I... I just... thankyou, the internet. Just. Thankyou.

Despite promoting the apparently hilarious side of bamboo knowledge, this is an issue the producers of Bamboosical take totally seriously. They have a list of facts promoting the health benefits of bamboo-based food products. Hell, they even have a picture of Beck eating a burger, captioned with the phrase 'Beck loves it!'. The best thing about this is that you know I'm not making it up because here is the damn link right here.
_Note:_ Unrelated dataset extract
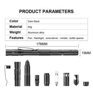 Multifunctional Self Defense Tactical Pen Defense Flashlight Aluminum Screwdrive

But what of the music of Bamboosical? They don't appear to have any sample songs, but here is the product description of their CD:

Ridin' Ranger is the mute hero from the film "The Great Bamboosical." He brings the top secret recipe of the Bamboo Burger™ plant-based patty to feuding Bambooyans and Rednecks. This CD includes 6 cosmically cool cuts from the film Soundtrack for only $9.99 (plus S&H). Profits go towards the cost of filming "The Great Bamboosical". Order your CD today and enjoy a rhythmically rocking ride with Ridin' Ranger!
Obviously the message of Bamboosical is a subtle one. Also, the hero is mute? Isn't it a musical? Isn't he supposed to be preaching the gospel of bamboo through song? A mute hero in a musical could actually be a really good idea, but I am willing to wager that the idea has not been brought to it's full potential here. There is a lot more to see on that site (I am particularly disappointed that the link marked simply 'COWS' doesn't appear to be working), but I can't possibly go through it all. Mainly because I want to go have a hot shower and a lie down and being on the computer is preventing me from doing that.

And so, our tour ends here.

-Smackie Onassis

P.S. If you haven't voted on my poll you are officially not my best friend.